With the waning of bipartisan support for Israel in the United States, growing concern over the increasing hostility towards the Jewish state has crept into mainstream talk around the table.

A recent meeting at the Jerusalem Center for Public Affairs (JCPA) brought together leading thought leaders to discuss the findings of a new book published by the center, titled Israelophobia and the West: The Hijacking of Civil Discourse on Israel and How to Rescue It.

The book’s editor, Dan Diker, director of the Project on BDS and Political Warfare at the JCPA, told JNS that the work will help “rebrand the unprecedented rhetorical assault on Israel.”

“Israelophobia,” he explained, was a term coined decades ago by JCPA fellow Fiamma Nirenstein to characterize Europe’s hostility to Israel, insisting that it’s political criticism.

For Diker, the acceptance of radical language condemning Israel and the mainstreaming of delegitimization of Israel by major universities, institutions such as the United Nations and by some members of the U.S. Congress, is a national security issue, with the potential to destabilize the U.S.-Israel relationship.

Harvard Law School Professor Emeritus Alan Dershowitz wrote one of the chapters, titled “The Case for Moral Clarity: Anti-Zionism, Anti-Semitism, and Legitimate Criticism of Israel,” in which he decries the singling out of Israel for condemnation and demonization as “disguised anti-Semitism.”

In his remarks to the JCPA roundtable, Dershowitz asserted that this bias was not amenable to reason. “There is no possibility for reasoned debate in the United States,” he said. “In my lifetime, we’re going to have to live with increasing anti-Semitism.”

However, he noted, it was anti-Semitism of a specific type that posed the greatest threat.

Right-wing anti-Semitism, said Dershowitz, is “a diversion. It’s not a significant issue. Everyone condemns right-wing anti-Semitism. No Jew can become a right-wing anti-Semite. What’s eating us is coming from within.”

‘Make sure you have a powerful army’

Other contributors to the book include former Jewish Agency chairman Natan Sharansky; Palestinian affairs analyst Khaled Abu Toameh; JCPA president and former ambassador Dore Gold; Malcolm Hoenlein, executive vice chairman of the Conference of Presidents of Major American Jewish Organizations; Professor Asa Kasher, author of the IDF Code of Conduct; Daniel Gordis, senior vice president at Shalem College; Yossi Kuperwasser, former director general of the Israeli Ministry of Strategic Affairs; and Luba Mayekiso, co-founder of the Africa for Israel Christian Coalition.

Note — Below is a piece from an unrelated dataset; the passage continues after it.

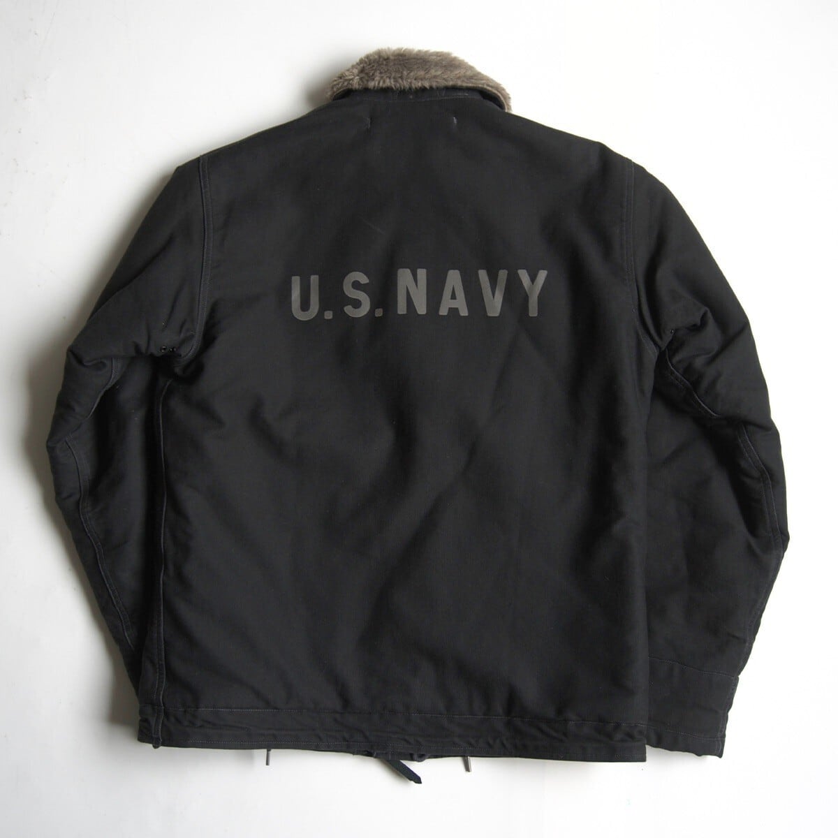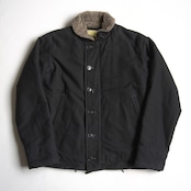 第二次世界大戦から朝鮮戦争にかけ米海軍の艦艇乗員用として採用されたN-1デッキジャケット。こちらの表素材には他のデッキジャケットと同様で通称"ジャングルクロス"と呼ばれるコットングログランが使用され、裏地には遮風性と保温性に優れたアルパカ・モヘア・ウールパイルが使用されています。防寒性抜群の1着です。

In his remarks to the group, which included Sharansky, Abu Toameh, Kuperwasser, Nirenstein, NGO president professor Gerald Steinberg, Israeli journalist Ben-Dror Yemini, Knesset member Orit Farkash HaCohen, and Ethiopian community activist Messeret Woldemichael Kasbian, Dershowitz said what many in the United States and Israel have put forth: that the BDS movement has been misunderstood by Jewish leaders.

The goal was never to actually boycott or divest from Israeli companies, but rather “to propagandize future leaders of America. It’s an attempt to change the reality of how young people see Israel.” BDS, he added, has nothing to do with the so-called occupation of territories or a two-state solution.

It’s also more a tactic than a movement, argued Dershowitz—“an extraordinarily successful” one at that. “It’s a tactic based on deception and lies, designed to destroy the nation-state of the Jewish people.”

For Israeli journalist Ben-Dror Yemini, BDS is not the most pressing problem. On his speaking tours of American college campuses, said Yemini, he encounters abject ignorance about Israel among Jewish students and faculty. It is this ignorance, he said, that renders them so susceptible to anti-Israel messages.

Sharansky said the only way to build bridges between American Jews, who are overwhelmingly liberal, and Israelis, whose main interest is to defend the Jewish state, is through focusing on human rights.

According to Sharansky, the Israeli government must “show there’s no difference between anti-Semitism on the left and the right.” He called on the government to fight against all those who abuse human rights and to ask the United States to do the same.

In his concluding remarks, Dershowitz had a grim message for Israel.

“Do not count on the U.S.  Count on yourselves. Make sure you have the most powerful army. We have to show our strength. Make alliances but be self-interested. Don’t ever compromise security on the basis of getting good PR.”